Q&A: FireEye EMEA VP Kevin Taylor

CRN sat down with FireEye EMEA VP Kevin Taylor, who joined the security vendor earlier this year as it attempts to reconnect with the channel

By their CEO's own admission, FireEye went through a transitional year in 2016 as it prepared for a second crack at the channel.

Speaking to CRN, FireEye's recently appointed EMEA VP Kevin Taylor (pictured) opened up on FireEye's re-emergence in the channel. Taylor arrived at FireEye in February, with a CV including VP roles at Symantec and Huawei, and also a spell as CEO at Storm Technologies.

FireEye's reputation in the industry seems to have changed from a fast-paced innovative start-up to a slow, legacy vendor, almost overnight. How would describe FireEye's development over the last few years?

Last year was very difficult for us - it was transitional organisationally and in terms of products and capabilities. We're in a different place now.

When you're growing so fast you make mistakes, and we undeniably made mistakes, but I think they're behind us. Our journey as a business is astonishing in some ways.

How do you cope with going from $50m to $500m to $750m (revenue) effectively from 2012 to 2015? Is it sustainable?

[Former CEO] Dave DeWalt hoped so, made the company incredibly valuable and with a very clear idea of a trade sale. There's no hidden agenda there.

If you set your stall out to do that and you fall short you will get some criticism, that's what happened.

The underlying capabilities of the business continued to improve, so we haven't become a $50m business again, we're still a $750m pure-play cyber-security company.

When you compare us to many of our competitors who are not pure-play cyber security players and you look at their real expertise, they are very often smaller than us. Even some of the big boys aren't very big security companies, and then at the low end there are many, many new entrants.

Do you think some of the criticism aimed at FireEye has been unfair, with some accusing it of not being channel friendly?

You could argue that a consulting firm like Mandiant (which FireEye acquired in 2014) isn't very channel friendly, and perhaps originally it didn't need to be. Today, as a core part of FireEye, it's essential that we have that capability because it drives the quality and the ethnicity of our engines. Those engines are productised and packaged in such a way that we do want to go to market with partners.
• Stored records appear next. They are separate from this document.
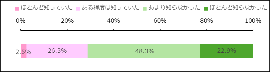 図1を見てわかるように約7割の方が、「ほとんど知らなかった/あまり知らなかった」と回答しており、ギャンブル依存に関する知識は十分に浸透していないということがわかります。
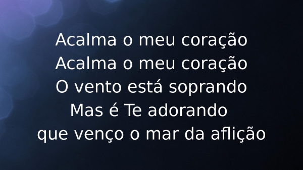 - Acalma o meu coraçãoAcalma o meu coraçãoO vento está soprandoMas é Te adorando que venço o mar da aflição
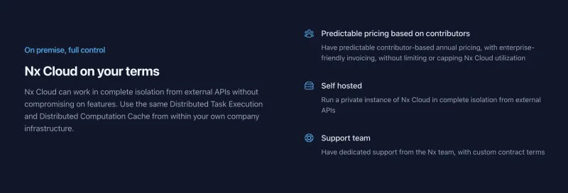 We have extensive experience working with Fortune 500 companies, helping them scale their development using monorepos. This has given us valuable insight into the unique security requirements of these companies. Our Enterprise plan reflects that allowing organizations to have a fully self-contained version of Nx Cloud that can be hosted on their own servers and comes with dedicated support from the Nx and Nx Cloud core team.
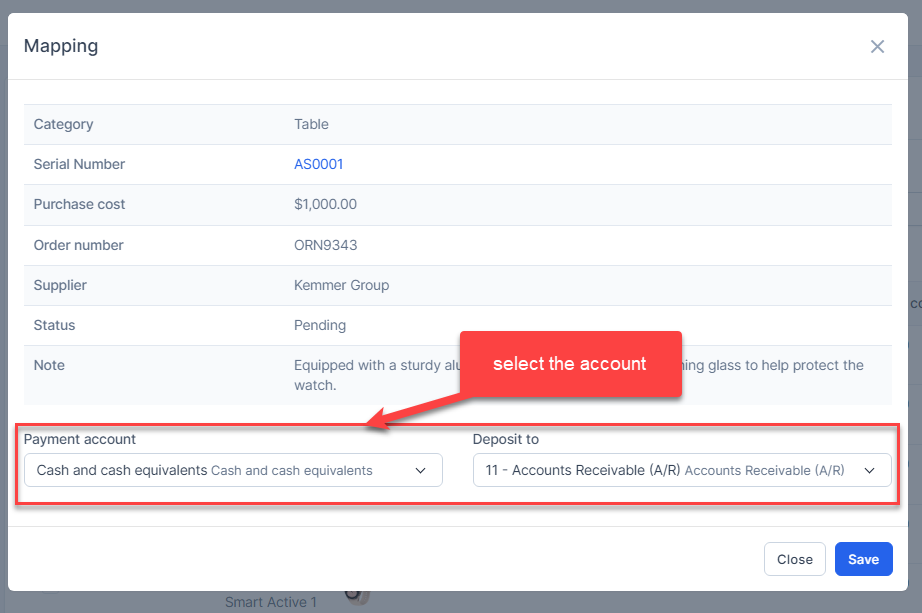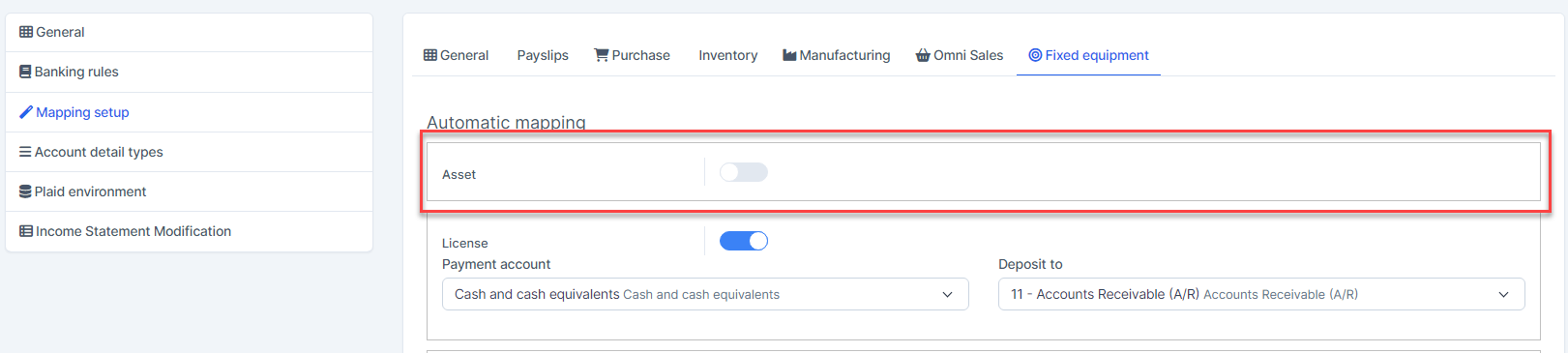- Step 1. Go to Settings menu under the Accounting module in the left sidebar -> Select the Mapping setup menu -> Select the Fixed equipment tab -> Enable the Asset mapping setup and select the payment account and deposit to then click on the Save button
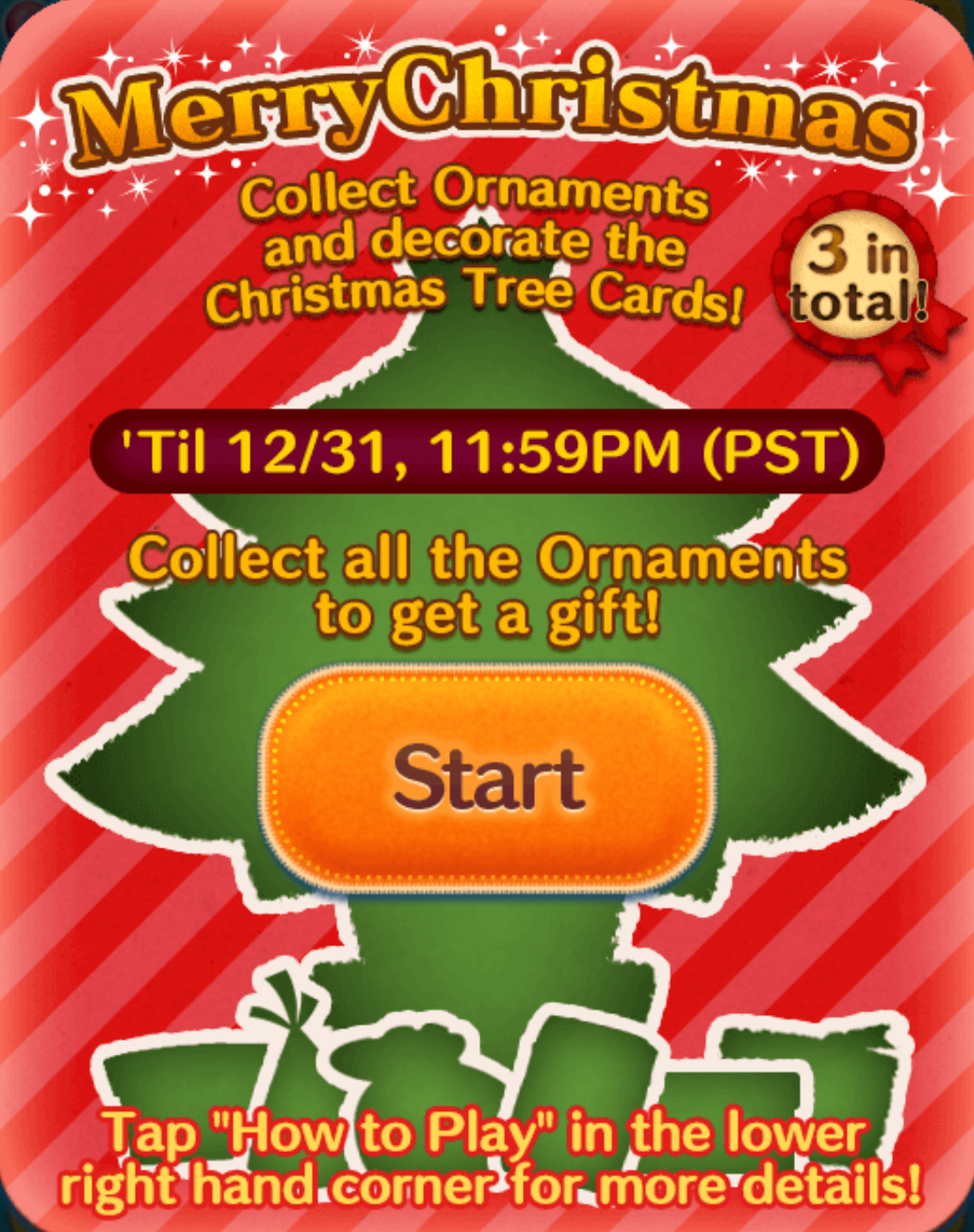 After filling the tree by collecting all 10 ornaments, you are presented with three presents to choose from. I was hoping I would get a Holiday Tsum Tsum in the gift, but instead i just got some coins, gems and hearts. Allegedly one of the other boxes contains skill ticket and Premium box tickets and the third holds Holiday Donald and Daisy. My fingers are crossed that there are just two boxes under Tree 2 and then just one for Tree 3 so that every player can be sure to get them. If not, I'm going to go "Bah Humbug" all over the place!
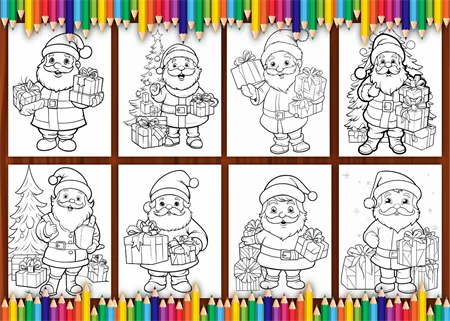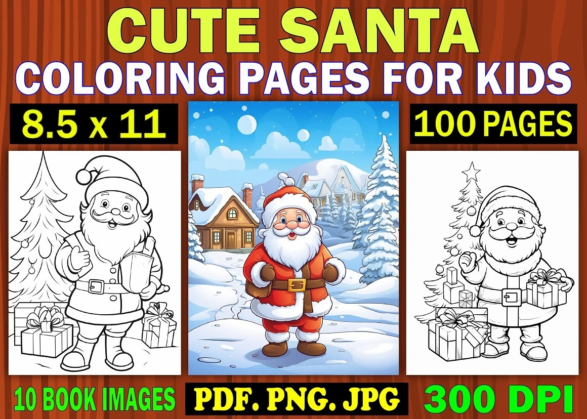 Cute Santa Coloring Pages for Kids 3 : Word Searches, Color- By-Numbers, Puzzles, Count-and-Color,
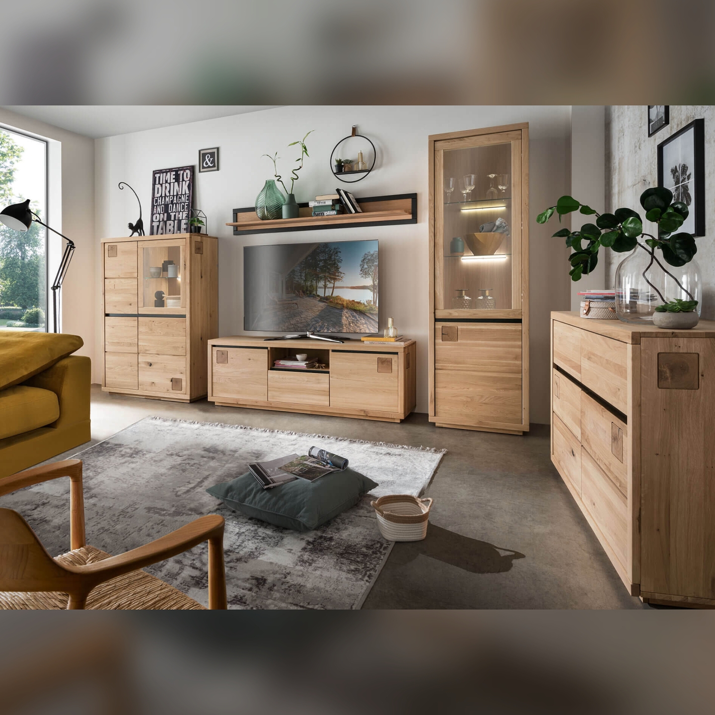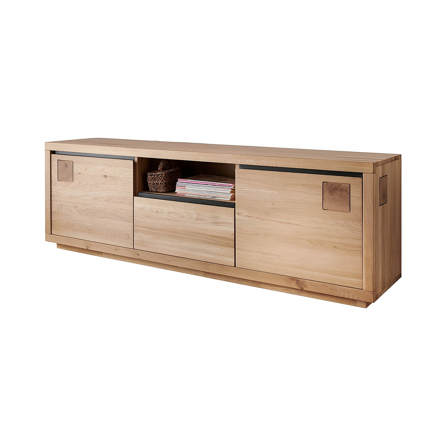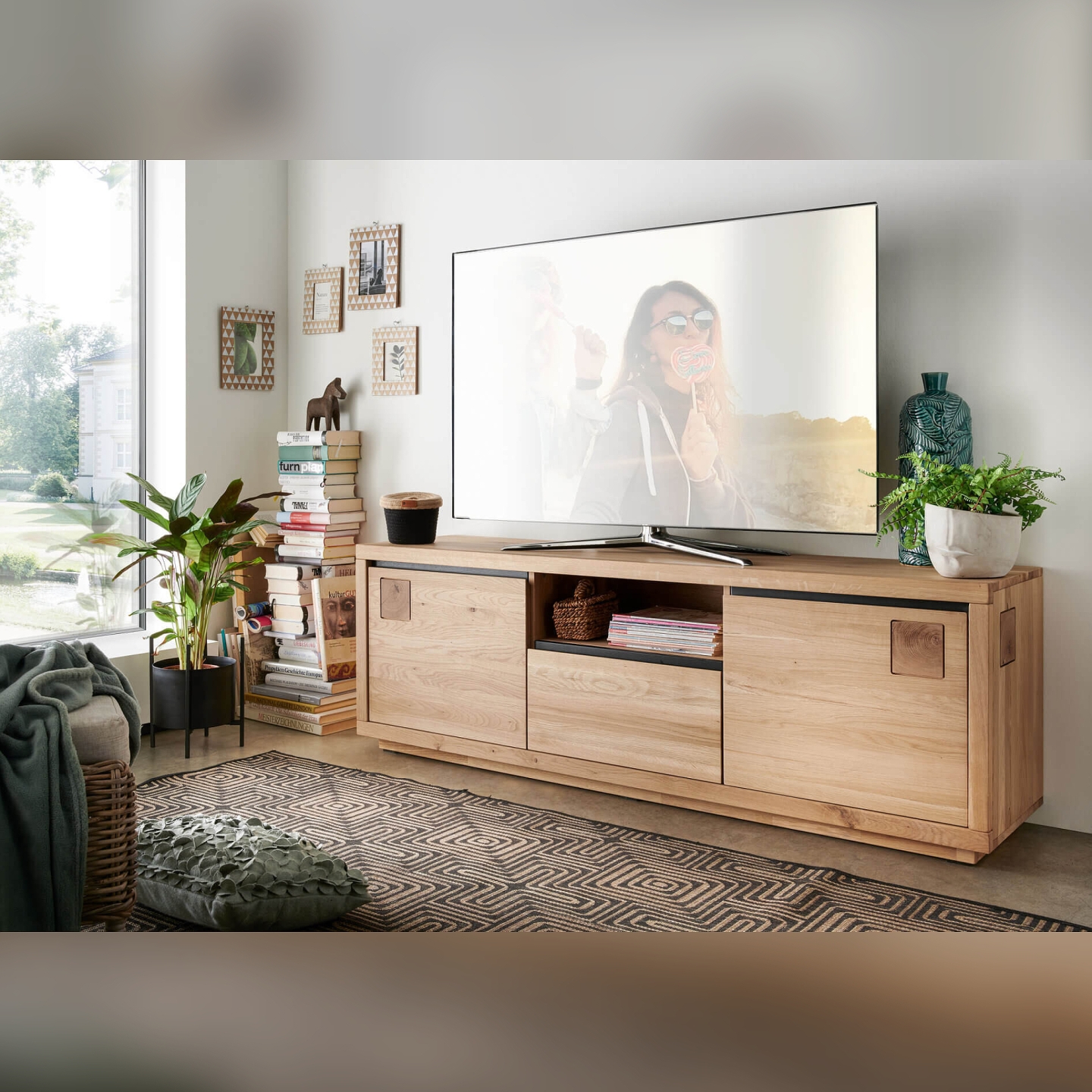 Szafka RTV II Fende to stabilny mebel z litego dębu, który bez problemu utrzyma duży telewizor i uporządkuje sprzęt RTV. Masywna konstrukcja i olejowane wykończenie zapewniają trwałość, a czarne wstawki dodają jej surowego, loftowego charakteru. To dobry wybór, jeśli szukasz gotowego, solidnego mebla bez konieczności samodzielnego składania.
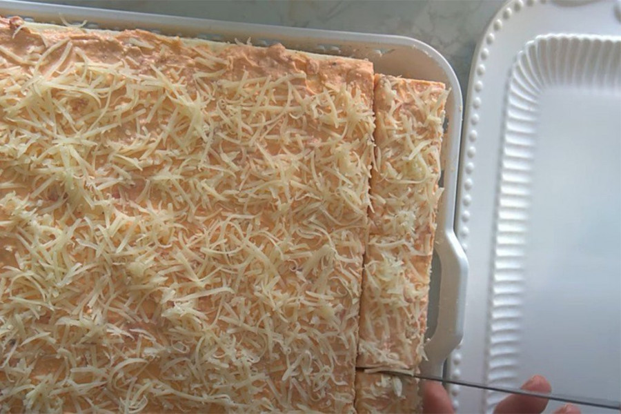 Zatim ide još jedan red kora i fila od ajvara, a onda belog fila i šunke. Opteretite tortu nečim teškim i ostavite pola sata. Nakon pola sata premažite tortu filom od ajvara. Tortu pospite rendanim kačkavaljem.
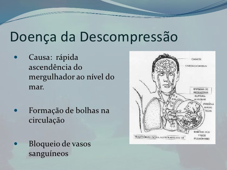 9. 9. Doença da Descompressão Causa: rápida ascendência do mergulhador ao nível do mar. Formação de bolhas na circulação Bloqueio de vasos sanguíneos
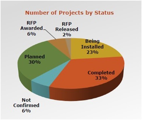据图2所示,截止目前美国已完成安装的光伏项目占33%,规划项目占30%,正在实施安装的项目占23%,仅有6%的项目未得到确认。这样的发展速度也得益于美国政府的支持。目前,美国能源部贷款项目办公室日前已经向分布在28个州地约733MW项目提供了14亿美元的贷款保证,项目总价值约26亿美元。下面我们具体来看一下美国太阳能产业发展具有代表性的地区。
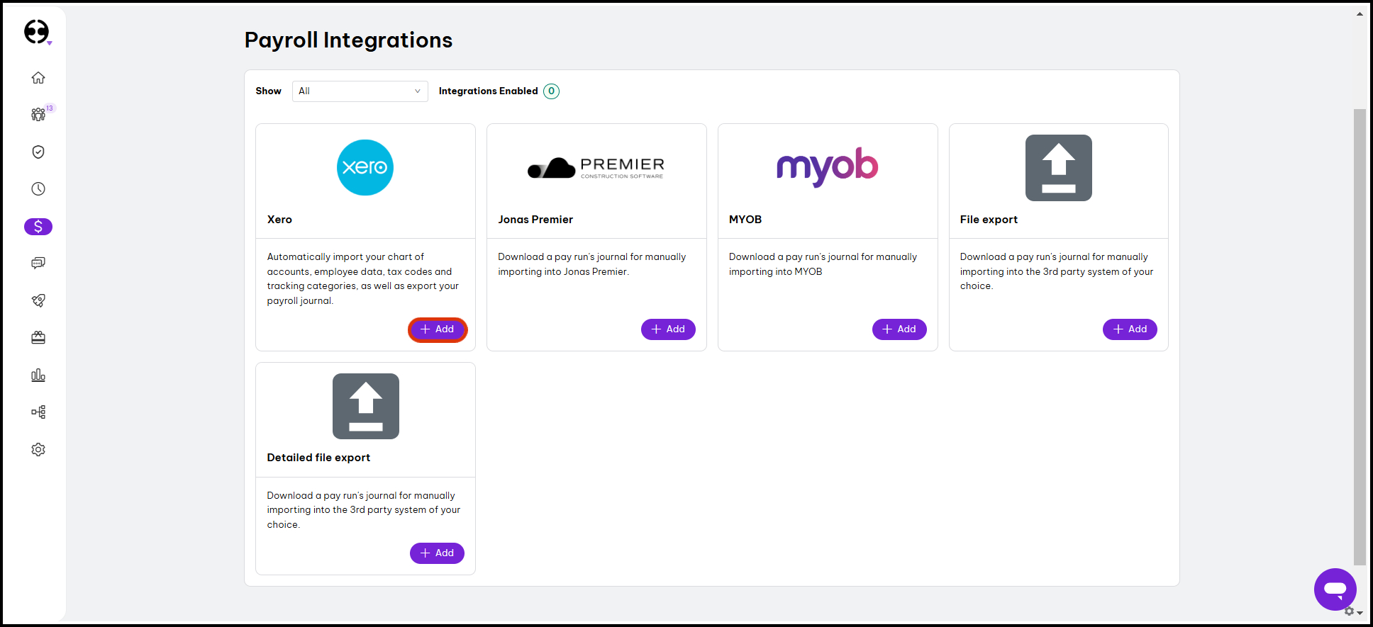 This article explains how to manage payroll integration on the EOS platform. Integrations allow you to import information such as chart of accounts and employee data into your EOS platform. You can enable and disable payroll integrations as needed
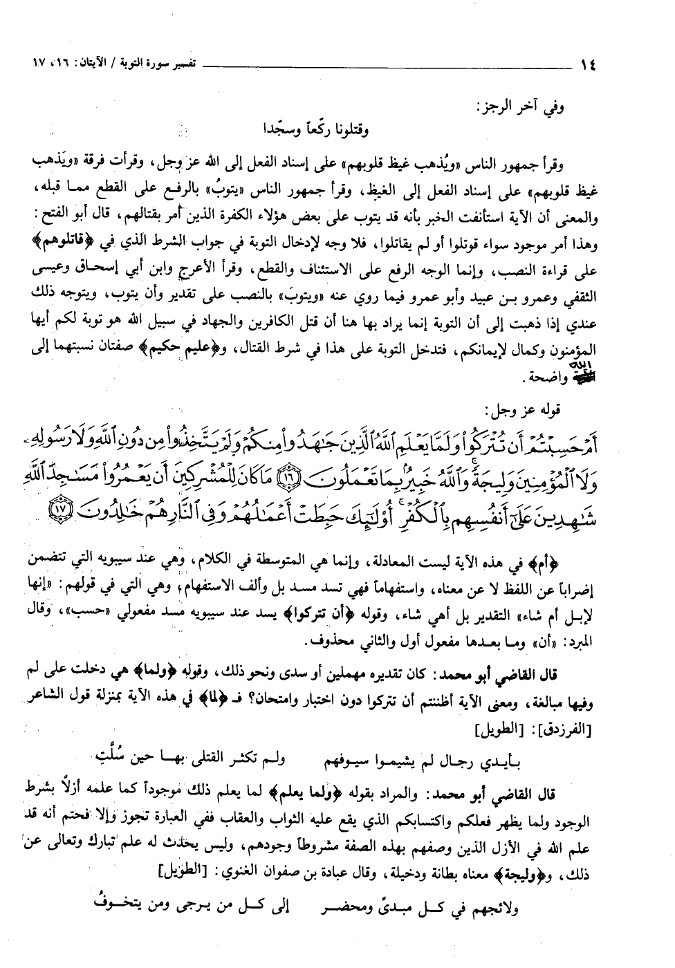 أَمْ حَسِبْتُمْ أَنْ تُتْرَكُوا وَلَمَّا يَعْلَمِ اللَّهُ الَّذِينَ جاهَدُوا مِنْكُمْ وَلَمْ يَتَّخِذُوا مِنْ دُونِ اللَّهِ وَلا رَسُولِهِ وَلا الْمُؤْمِنِينَ وَلِيجَةً وَاللَّهُ خَبِيرٌ بِما تَعْمَلُونَ (١٦) ما كانَ لِلْمُشْرِكِينَ أَنْ يَعْمُرُوا مَساجِدَ اللَّهِ شاهِدِينَ عَلى أَنْفُسِهِمْ بِالْكُفْرِ أُولئِكَ حَبِطَتْ أَعْمالُهُمْ وَفِي النَّارِ هُمْ خالِدُونَ (١٧)

We do 200,000 hours of incident responding a year and that's anywhere between 400 and 600 major organisations where we get the call. That isn't a channel play - that's pure-play incident responding and consulting capability.

What we see in doing that is everything that everybody else misses. We see in incident response everybody's prevention and detection failures, including our own. In post-breach you learn vast amounts - what we're trying to do is take the knowledge, couple it with the threat intel that we have and bolt it onto products and services that we'll deliver in a package, ideally through channels.

As a company, from the CEO down to the regional bosses, you appear to be making a big noise about how important the channel is to its strategy. What would you say is driving that effort? If you listen to the quarterly earnings announcement, we made quite a big deal about how it's not a choice.

If you want to build scale into the business then you're very dependent on indirect routes to market. Even where you have direct sales efforts you still need indirect support. Sometimes it is fulfilment and sometimes you want channels to take your capabilities to market on your behalf.

Historically I don't think we were mature enough to even draw those distinctions, to be honest. I can certainly do that. I've had a lot of experience doing that, and Kevin [Mandia, CEO], gets it.

In the EMEA theatre, if you look at the volume of what we do, and the value of what we do, through the channel it's the lion's share of it in both categories. It's nearly all of it. Although the marketplace probably doesn't realise that because we don't necessary talk about it - but we are largely defined by indirect routes to market.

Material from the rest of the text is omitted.